Archive | April, 2012

Day 121

30 Apr

I’ve long been feeling tired of this blog, so this week I’m just going to be brief. I’d say “for a change” but there are many more days of brevity here than anything else. Anyway, I thought it’d be fun to pick 3 words each day to describe how the day went or how I’m feeling. I’m calling it a writing exercise, so deal with it.

Here’s today’s words:

Excited. Tired. Hungry.

Nothing but pure gold here, folks. PURE GOLD.

Day 120

29 Apr

I guess I’ve been feeling out of control lately as I’ve been spending money as if we have extra to spend. Also eating a lot. Even when I’m not hungry.
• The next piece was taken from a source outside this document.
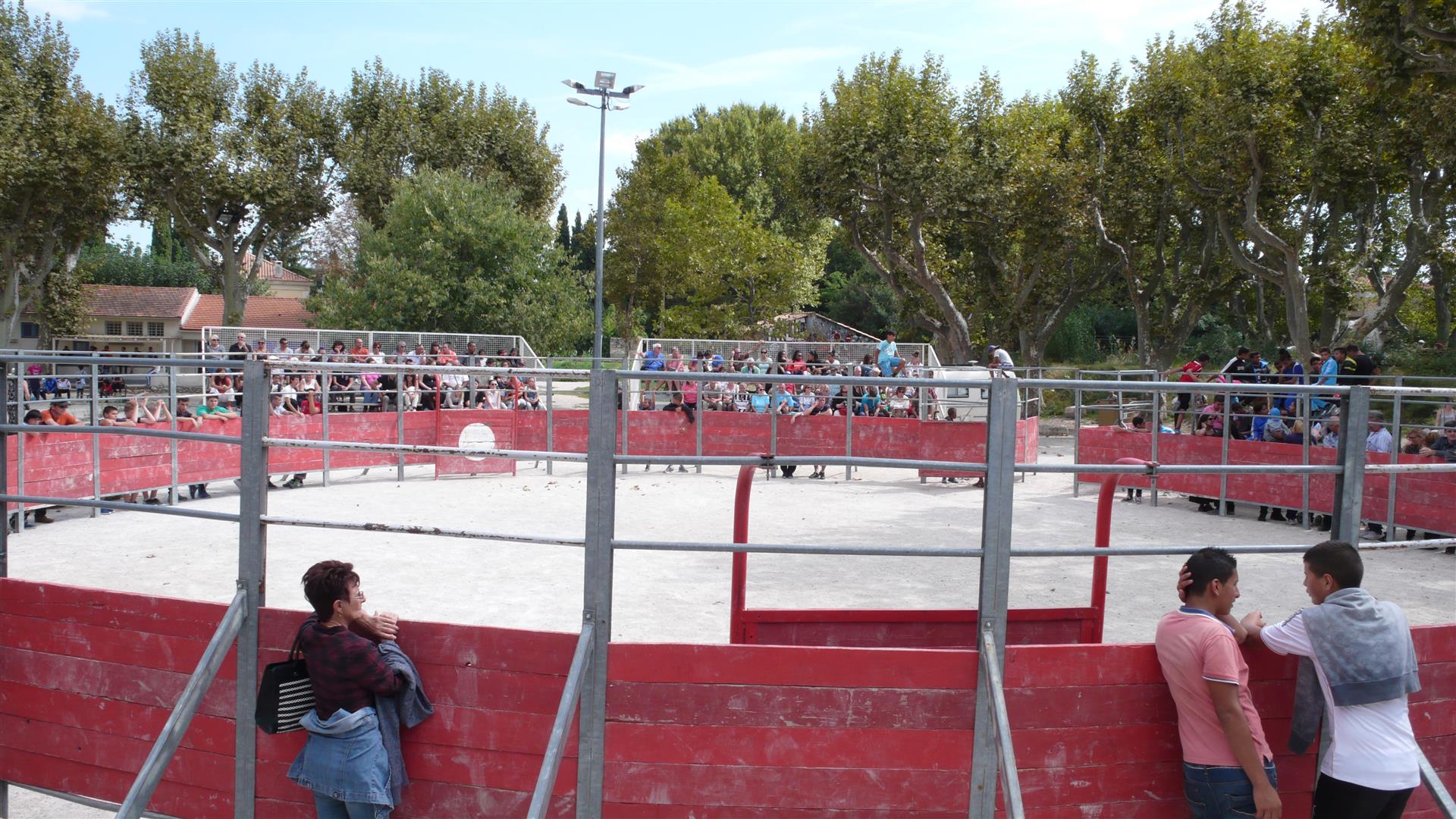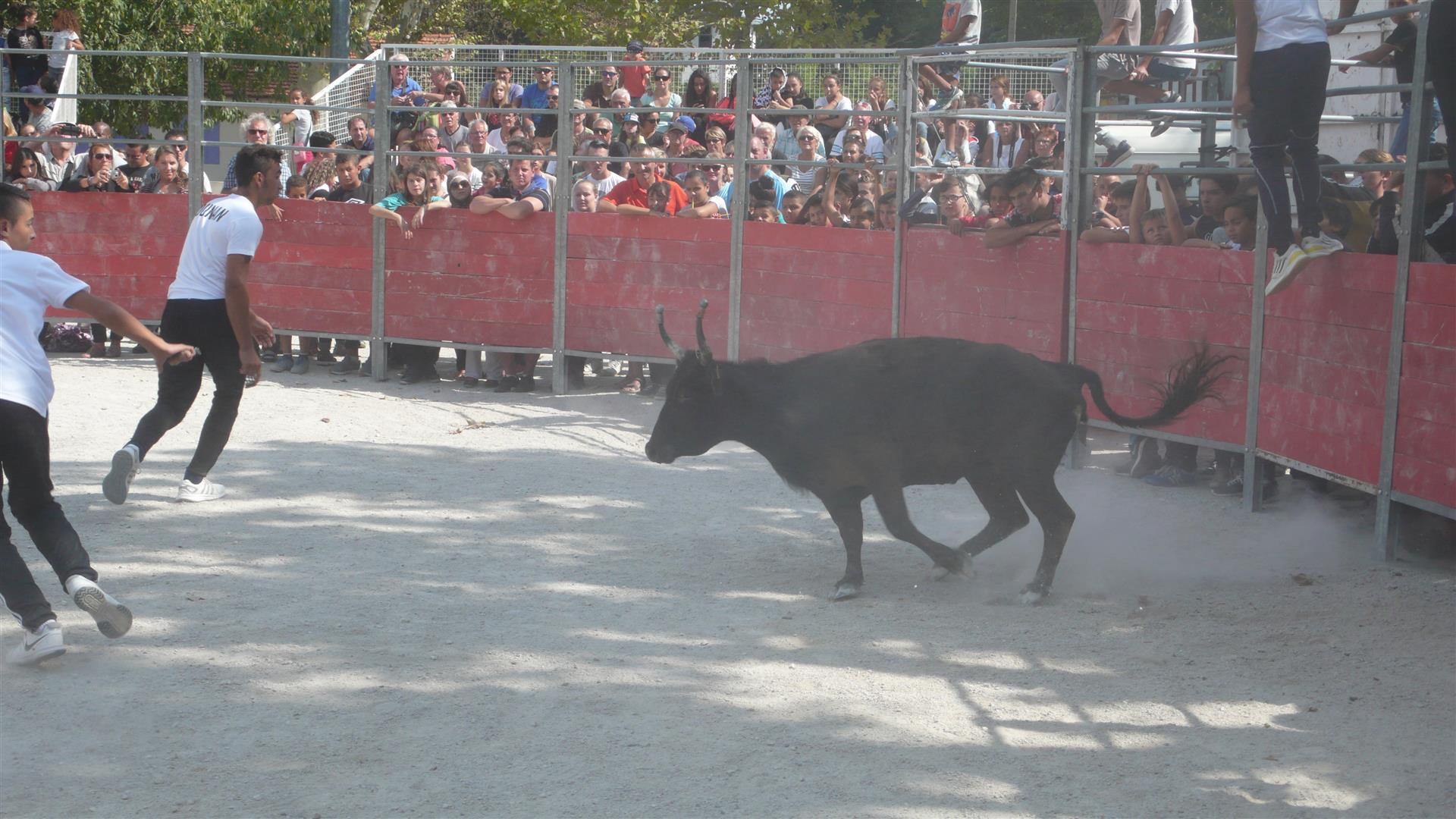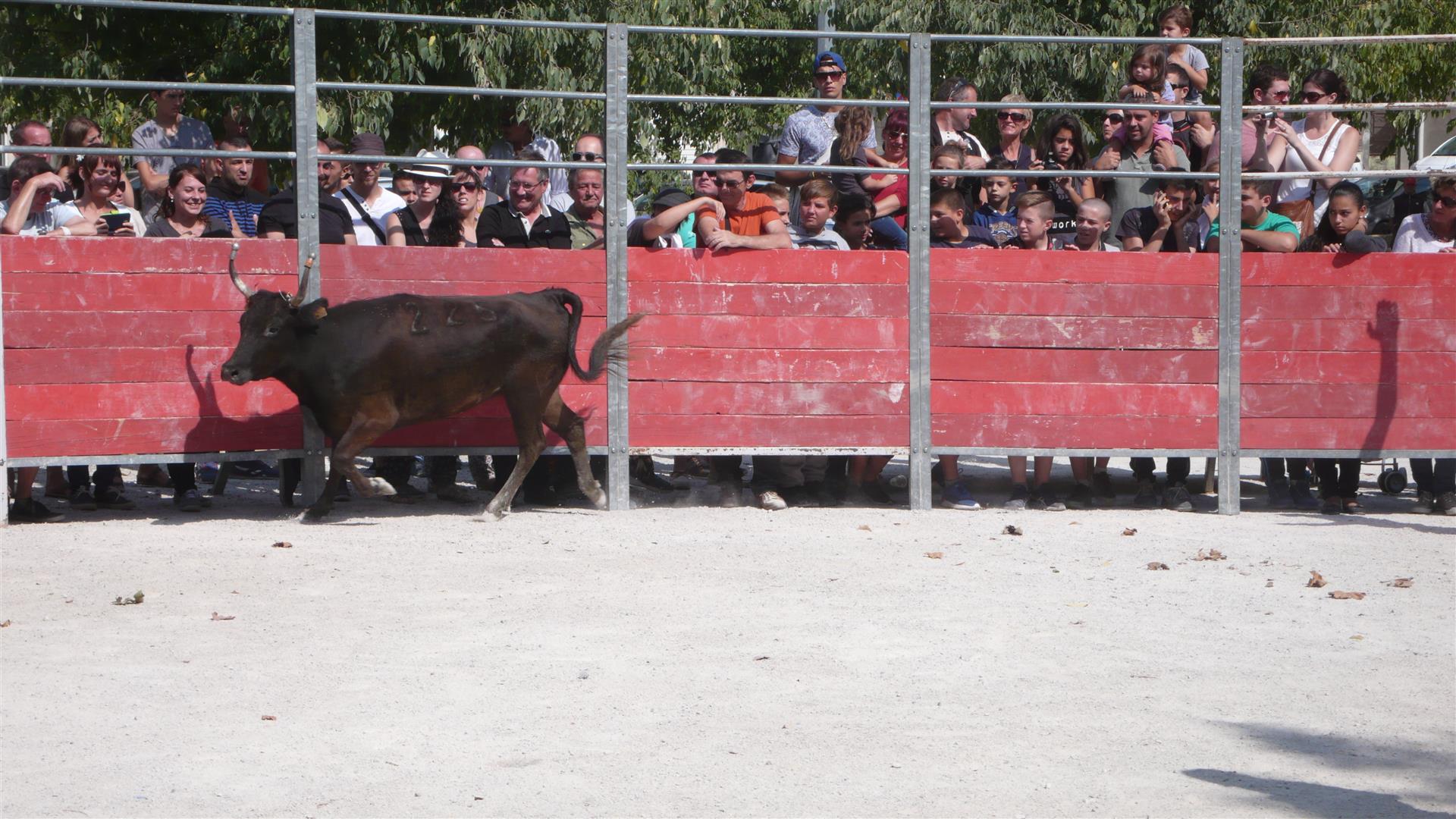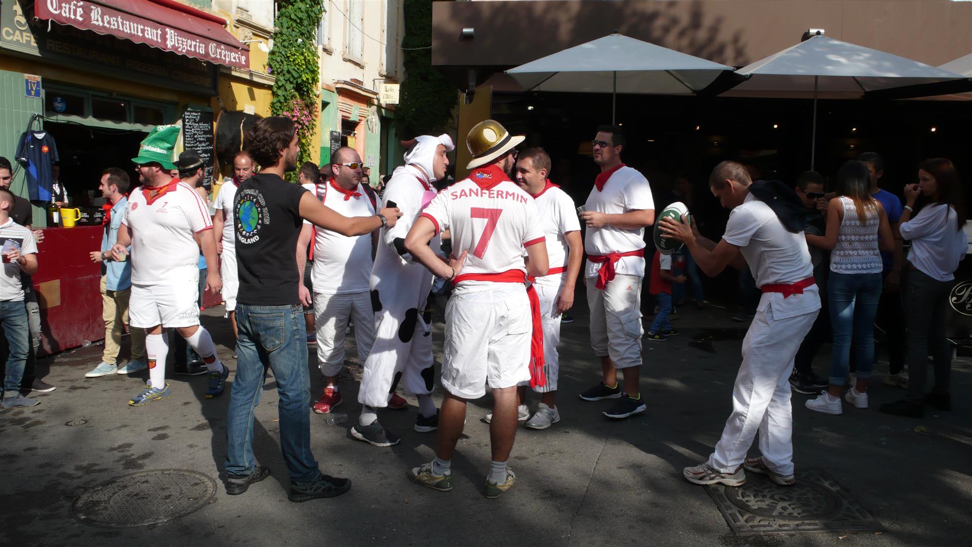 Gegen Abend wurde die Promenade der Stadt abgesperrt und Stiere wurden in LKWs in die Stadt gekarrt. Ähnlich wie beim berühmten Stierrennen von Pamplona hetzten die Tiere die Strasse entlang, verfolgt von Ross und Reiter. Und auf dem Place du Forum wurde gefeiert. Stierkampfanhänger mit ihren Banderas, typisch gekleidet in Weiß-Rot, feierten auf der Straße und vor den Bars zu lauter Musik, Bier und Parolen.

If I could figure out some other way to deal with the sensation of a loss of control, that’d be great. But I feel so far off from being that kind of person.

Day 119

28 Apr

Today I got to hold Lazarus and rock him and cuddle him and kiss him.  He’s about a million times cuddlier than Zoe ever was as a baby.  Even when she was only a few hours old, she’d be pushing away from me as I held her.  Laz is much different in that he likes to be held and cuddled sometimes.

It’s sort of weird to have a non-cuddly baby.  She’s harder to handle when sick or sleepy in that the normal mom reaction is to hold her child when she’s experiencing pain or discomfort.  No, non-cuddlers want to be left alone; free to scream and thrash about.  Which is so so so painful for mommy dearest as she has to just feel completely helpless.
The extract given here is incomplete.